◆ **Problem description**
Write out the data below in full, unchanged, minus the images.

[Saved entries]
# # # #

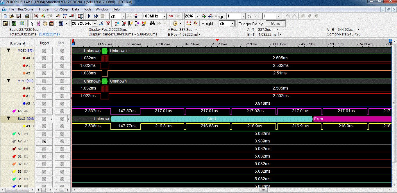 Hallo! Zur Umsetzung eines Bussystems würde ich gerne den CAN-Bus und dazu den Controller MCP2515 in Verbindung mit einem MCP2551 verwenden. Die SPI Verbindung zu MCP2515 erfolgt ordnungsgemäß: es können sowohl Register beschrieben als auch gelesen werden. Nachdem die Register geladen und der Sendebefehl erteilt wurde, sind mehrere Pegelwechsel auf dem Bus erkennbar, die jedoch vom CAN-Bus Standard weit entfernt sind. Das angehängte Bild zeigt die Aufnahme meines Logicanalyzers bei einer Abtastfrequenz von 1MHz. Der Eingang A6 zeigt den Pegel des Pins "TXCAN" vom MCP2515. Um das Rad nicht neu erfinden zu müssen, verwende ich die Programmbibliothek und die Hardwarebeschaltung von kreatives-chaos.com. Software : http://www.kreatives-chaos.com/artikel/ansteuerung-eines-mcp2515 Hardware: http://www.kreatives-chaos.com/artikel/can-testboard Nach einigen Forenbeiträge soll die Software und die Beschaltung auch gut funktionieren. Der einzige Unterschied zur Beschaltung: Ich verwende für den uC und den MCP2515 einen Quarz mit 3,6864 MHz. Hatte jemand von Euch auch schon dieses Problem bzw. was könnte Eurer Meinung nach der Fehler sein?
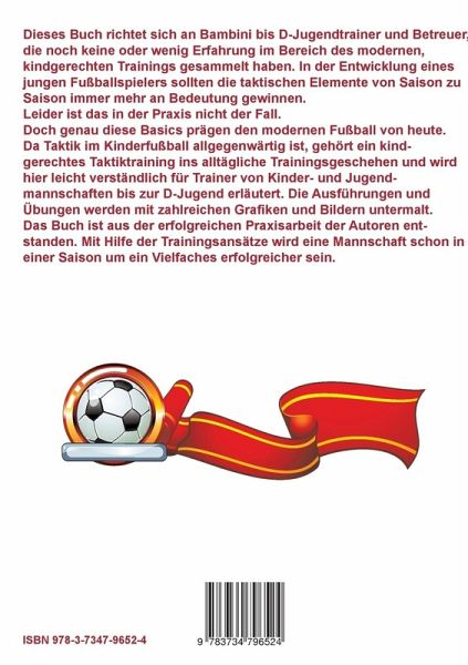 Dieses Buch richtet sich an Bambini bis D-Jugendtrainer und Betreuer, die noch keine oder wenig Erfahrung im Bereich des modernen, kindgerechten Trainings gesammelt haben. In der Entwicklung eines jungen Fußballspielers sollten die taktischen Elemente von Saison zu Saison immer mehr an Bedeutung gewinnen. Leider ist das in der Praxis nicht der Fall. Doch genau diese Basics prägen den modernen Fußball von heute.Da Taktik im Kinderfußball allgegenwärtig ist, gehört ein kindgerechtes Taktiktraining ins alltägliche Trainingsgeschehen und wird hier leicht verständlich für Trainer von Kinder- und Jugendmannschaften bis zur D-Jugend erläutert. Die Ausführungen und Übungen werden mit zahlreichen Grafiken und Bildern untermalt. Das Buch ist aus der erfolgreichen Praxisarbeit der Autoren entstanden. Mit Hilfe der Trainingsansätze wird eine Mannschaft schon in einer Saison um ein Vielfaches erfolgreicher sein.
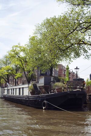 Amsterdam, Netherlands - April 1, 2016: Traditional boat house, canal, bridge in Amsterdam, Holland
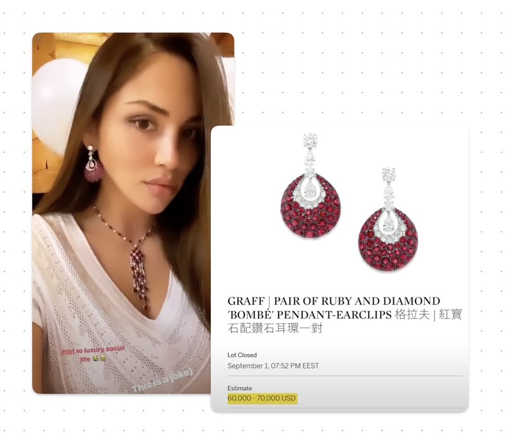 Рубиновые серьги в ее ушах, тоже Графф, — 7 миллионов.
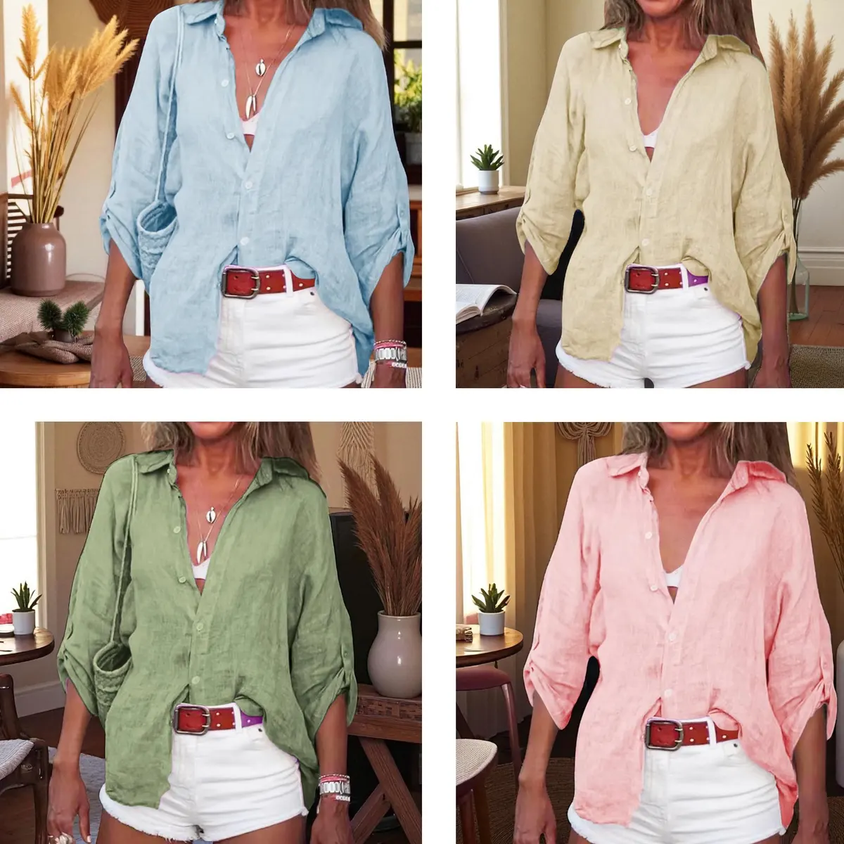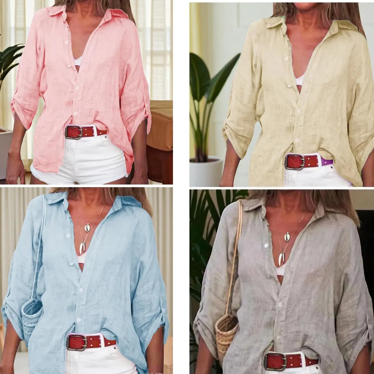 - Feature: 3/4 sleeves are another major feature of button up blouse. Fold the sleeves up to turn it into a short-sleeved shirt, a piece of clothing with two uses, allowing you to experience different ways of wearing it. Classic V-neck elegantly highlights the collarbone; the slim waistline creates a sophisticated and capable workplace aura and highlights the self. The curved hem is a unique design that breaks the rigidity and monotony of women’s shirts and highlights a touch of leisure.
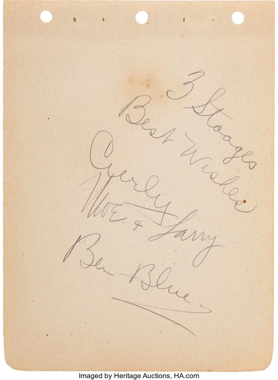 The Three Stooges Signed and Inscribed Album Page. A toned album page signed (and inscribed "3 Stooges / Best Wishes") by Curly, Moe, and Larry, as well as Ben Blue, with a ballpoint pen. Has an unidentified signature on verso. Measures 4 ½" x 6". In Very Good condition with toning, as well as a light spot of soiling. COA from Heritage Auctions.
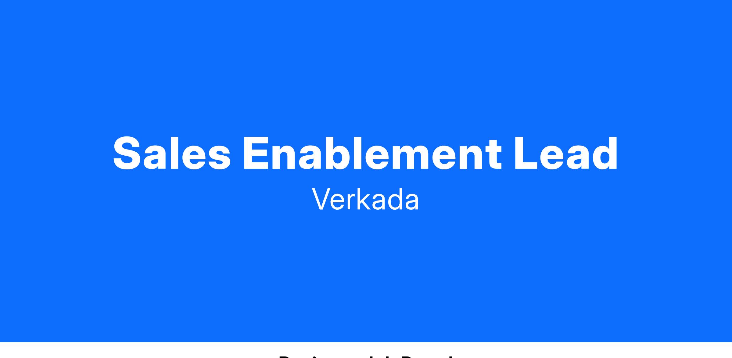 Verkada is building a world-class Sales organization and we need to build the supporting cast to drive a seamless onboarding experience, ensure team readiness, and increase overall productivity. We run Sales Enablement differently at Verkada and give our team members autonomy and ownership to innovate and adapt to drive success. As a Sales Enablement Lead, you’ll partner with Sales leadership to drive the end to end ownership and execution of both onboarding and enablement. You will have the opportunity to work hands-on with partners and subject matter experts that span across Verkada, gaining exposure from leaders in every department. To be successful in this role, you’ll need a passion for the art and science of sales and a solid understanding of how to operate in a sales support function.
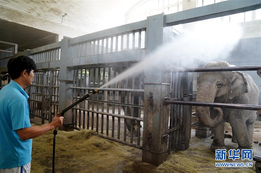 7月21日,上海动物园里的饲养员在给大象喷水降温。 当日,上海天气炎热,上海动物园采取多项措施防暑降温,让动物们乐享“清凉夏日”。 新华社记者 张建松 摄
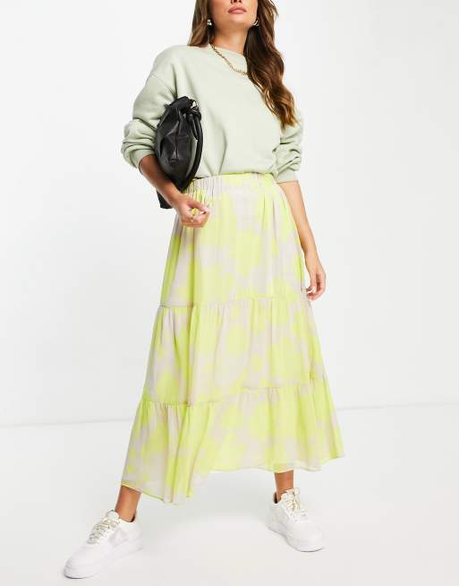 ASOS DESIGN - Gelaagde lange rok met neonkleurige bloemenprint
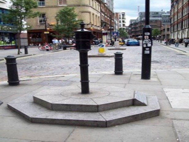 The Broad Street Pump where John Snow discovered that its impure water was causing hundreds of cholera deaths in London in the 1854. |
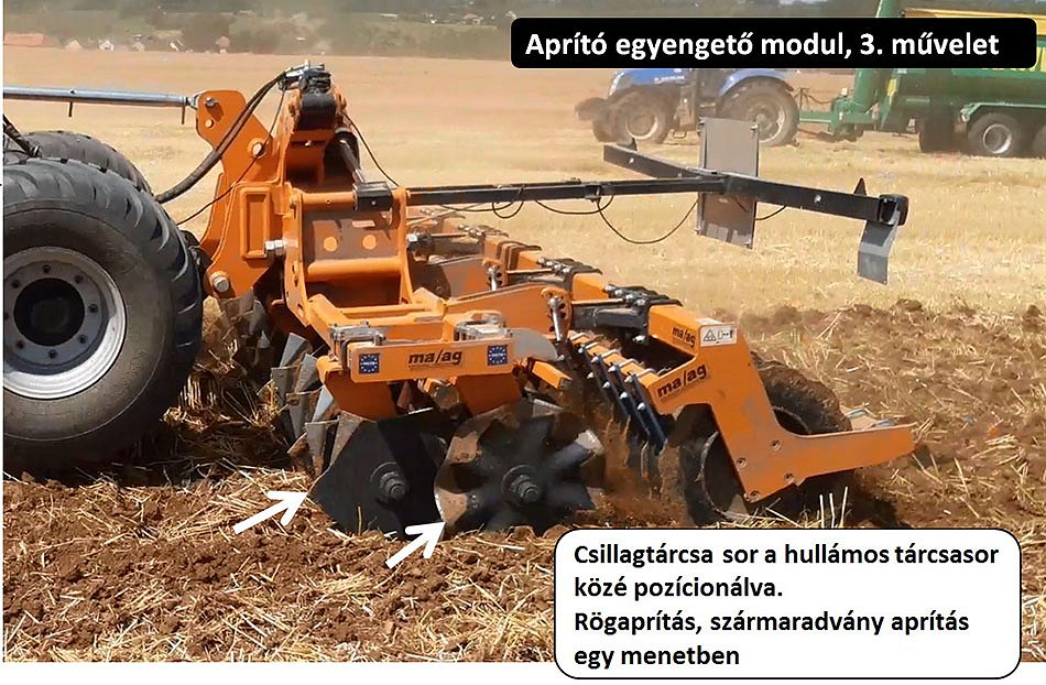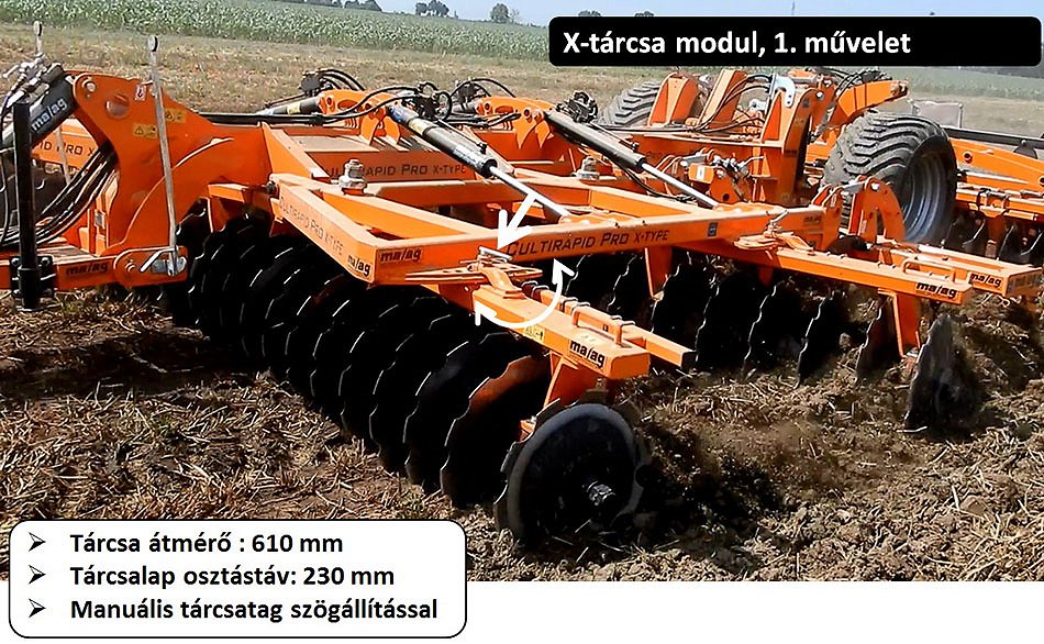 • Talajművelő modul, csipkézett X-alakban elrendezett első tárcsa, tárcsatagok kézi dőlésszög-állítással. A tárcsatengely lengő csapágyazásal,
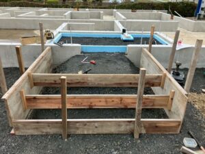 玄関の荒打ちの段取りができたところです。 現在は、コンクリート打ち終わっています。
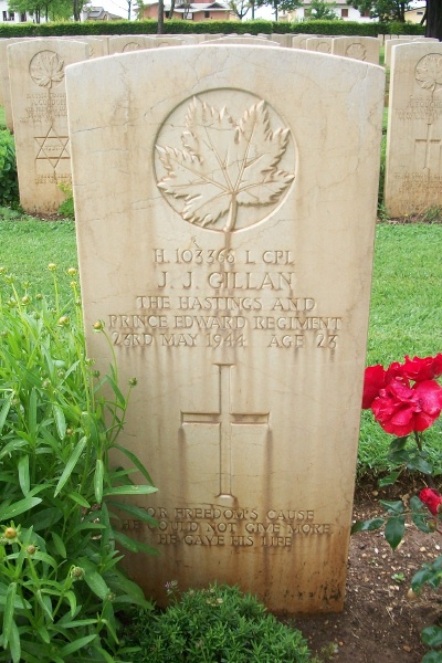 If approaching the CASSINO WAR CEMETERY by road, follow the Highway A2 from Rome to Naples and leave it at the Cassino exit. After passing the pay booths, follow the sign for Cassino. At the traffic lights, after a block of flats, turn right towards the locality of S. Angelo and the CWGC signs will then be seen.
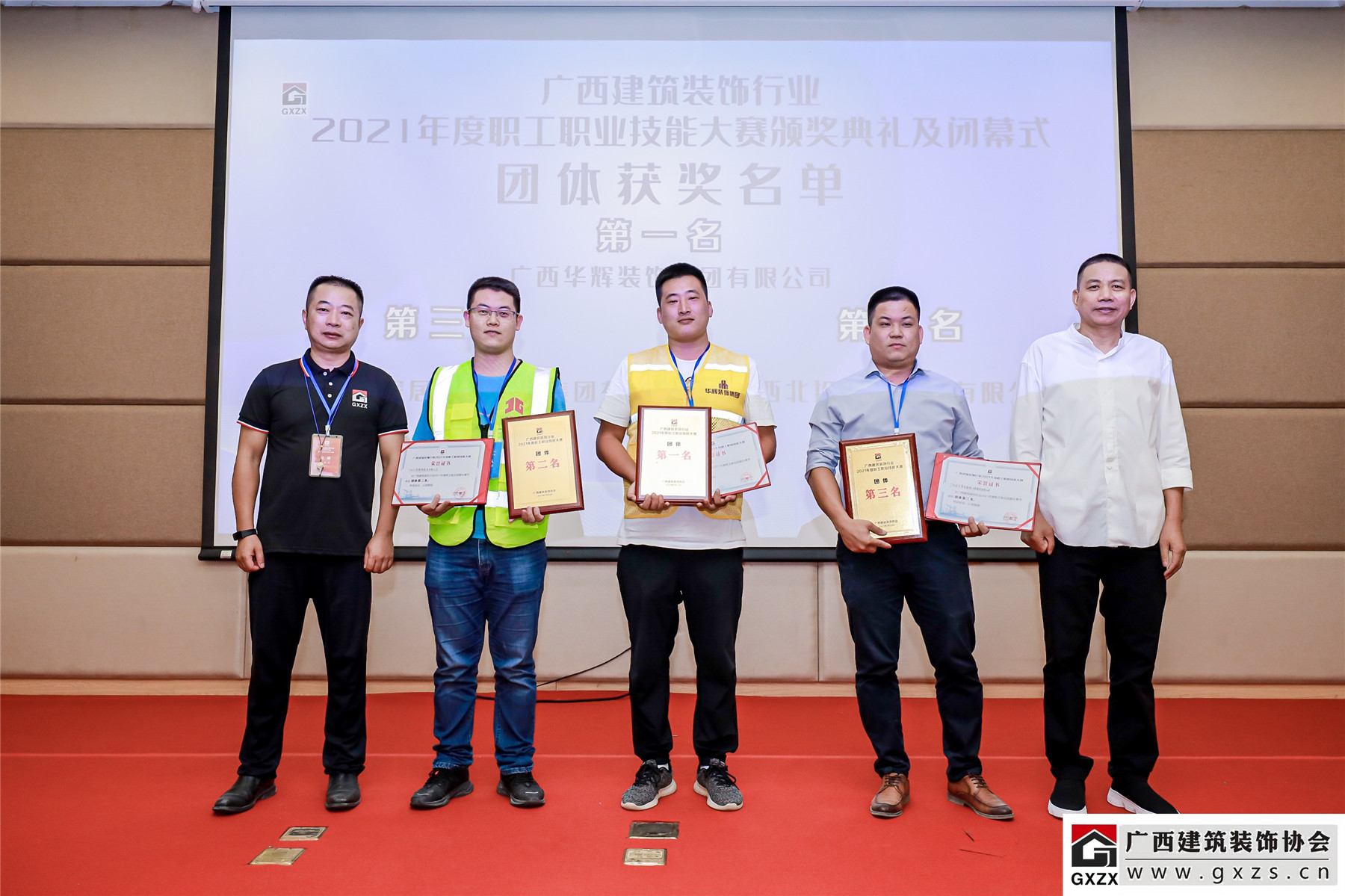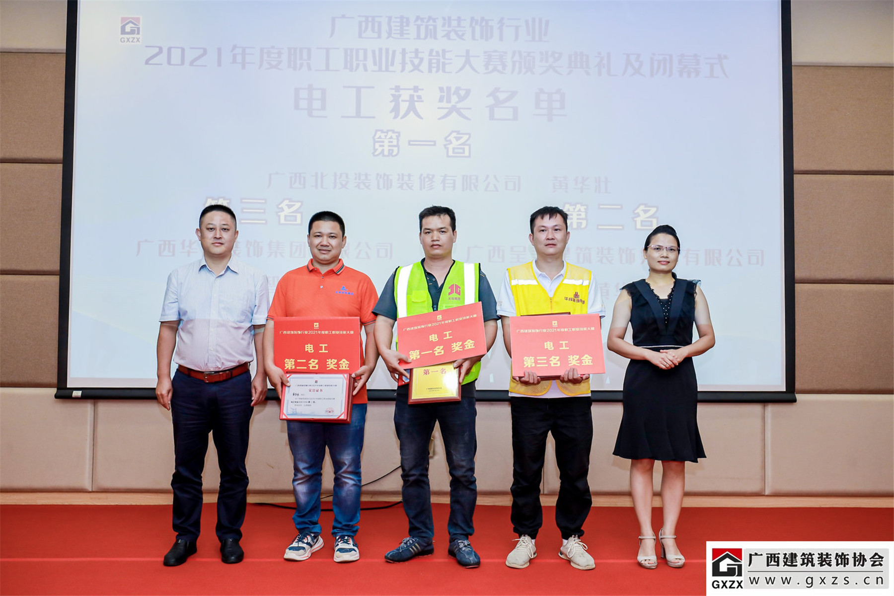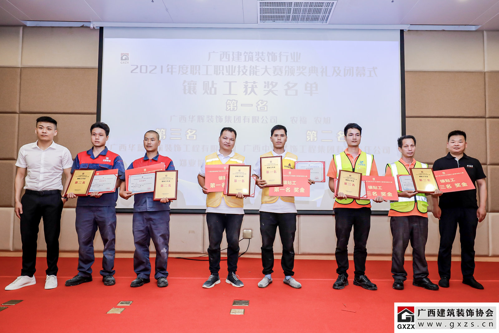 2021年7月23日,广西建筑装饰行业2021年度职工职业技能大赛在广西建设职业技术学院举行。凯发k8官网参赛选手荣获团体第一名且综合评分满分100分、镶贴工第一名、电工第三名、腻子工第三名的好成绩。
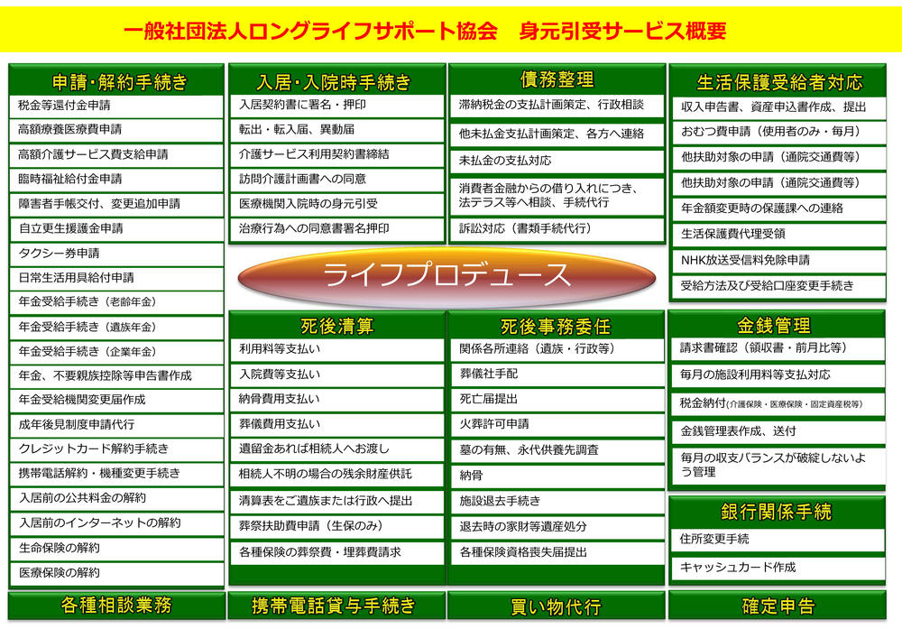 当協会は身元引受と法人コンサルの両面から高齢者の生活を支援する企業です。

# # # #

◆ **Your solution**
 Hallo! Zur Umsetzung eines Bussystems würde ich gerne den CAN-Bus und dazu den Controller MCP2515 in Verbindung mit einem MCP2551 verwenden. Die SPI Verbindung zu MCP2515 erfolgt ordnungsgemäß: es können sowohl Register beschrieben als auch gelesen werden. Nachdem die Register geladen und der Sendebefehl erteilt wurde, sind mehrere Pegelwechsel auf dem Bus erkennbar, die jedoch vom CAN-Bus Standard weit entfernt sind. Das angehängte Bild zeigt die Aufnahme meines Logicanalyzers bei einer Abtastfrequenz von 1MHz. Der Eingang A6 zeigt den Pegel des Pins "TXCAN" vom MCP2515. Um das Rad nicht neu erfinden zu müssen, verwende ich die Programmbibliothek und die Hardwarebeschaltung von kreatives-chaos.com. Software : http://www.kreatives-chaos.com/artikel/ansteuerung-eines-mcp2515 Hardware: http://www.kreatives-chaos.com/artikel/can-testboard Nach einigen Forenbeiträge soll die Software und die Beschaltung auch gut funktionieren. Der einzige Unterschied zur Beschaltung: Ich verwende für den uC und den MCP2515 einen Quarz mit 3,6864 MHz. Hatte jemand von Euch auch schon dieses Problem bzw. was könnte Eurer Meinung nach der Fehler sein?
 Dieses Buch richtet sich an Bambini bis D-Jugendtrainer und Betreuer, die noch keine oder wenig Erfahrung im Bereich des modernen, kindgerechten Trainings gesammelt haben. In der Entwicklung eines jungen Fußballspielers sollten die taktischen Elemente von Saison zu Saison immer mehr an Bedeutung gewinnen. Leider ist das in der Praxis nicht der Fall. Doch genau diese Basics prägen den modernen Fußball von heute.Da Taktik im Kinderfußball allgegenwärtig ist, gehört ein kindgerechtes Taktiktraining ins alltägliche Trainingsgeschehen und wird hier leicht verständlich für Trainer von Kinder- und Jugendmannschaften bis zur D-Jugend erläutert. Die Ausführungen und Übungen werden mit zahlreichen Grafiken und Bildern untermalt. Das Buch ist aus der erfolgreichen Praxisarbeit der Autoren entstanden. Mit Hilfe der Trainingsansätze wird eine Mannschaft schon in einer Saison um ein Vielfaches erfolgreicher sein.
 Amsterdam, Netherlands - April 1, 2016: Traditional boat house, canal, bridge in Amsterdam, Holland
 Рубиновые серьги в ее ушах, тоже Графф, — 7 миллионов.
 - Feature: 3/4 sleeves are another major feature of button up blouse. Fold the sleeves up to turn it into a short-sleeved shirt, a piece of clothing with two uses, allowing you to experience different ways of wearing it. Classic V-neck elegantly highlights the collarbone; the slim waistline creates a sophisticated and capable workplace aura and highlights the self. The curved hem is a unique design that breaks the rigidity and monotony of women’s shirts and highlights a touch of leisure.
 The Three Stooges Signed and Inscribed Album Page. A toned album page signed (and inscribed "3 Stooges / Best Wishes") by Curly, Moe, and Larry, as well as Ben Blue, with a ballpoint pen. Has an unidentified signature on verso. Measures 4 ½" x 6". In Very Good condition with toning, as well as a light spot of soiling. COA from Heritage Auctions.
 Verkada is building a world-class Sales organization and we need to build the supporting cast to drive a seamless onboarding experience, ensure team readiness, and increase overall productivity. We run Sales Enablement differently at Verkada and give our team members autonomy and ownership to innovate and adapt to drive success. As a Sales Enablement Lead, you’ll partner with Sales leadership to drive the end to end ownership and execution of both onboarding and enablement. You will have the opportunity to work hands-on with partners and subject matter experts that span across Verkada, gaining exposure from leaders in every department. To be successful in this role, you’ll need a passion for the art and science of sales and a solid understanding of how to operate in a sales support function.
 7月21日,上海动物园里的饲养员在给大象喷水降温。 当日,上海天气炎热,上海动物园采取多项措施防暑降温,让动物们乐享“清凉夏日”。 新华社记者 张建松 摄
 ASOS DESIGN - Gelaagde lange rok met neonkleurige bloemenprint
 The Broad Street Pump where John Snow discovered that its impure water was causing hundreds of cholera deaths in London in the 1854. |
 • Talajművelő modul, csipkézett X-alakban elrendezett első tárcsa, tárcsatagok kézi dőlésszög-állítással. A tárcsatengely lengő csapágyazásal,
 玄関の荒打ちの段取りができたところです。 現在は、コンクリート打ち終わっています。
 If approaching the CASSINO WAR CEMETERY by road, follow the Highway A2 from Rome to Naples and leave it at the Cassino exit. After passing the pay booths, follow the sign for Cassino. At the traffic lights, after a block of flats, turn right towards the locality of S. Angelo and the CWGC signs will then be seen.
 2021年7月23日,广西建筑装饰行业2021年度职工职业技能大赛在广西建设职业技术学院举行。凯发k8官网参赛选手荣获团体第一名且综合评分满分100分、镶贴工第一名、电工第三名、腻子工第三名的好成绩。
 当協会は身元引受と法人コンサルの両面から高齢者の生活を支援する企業です。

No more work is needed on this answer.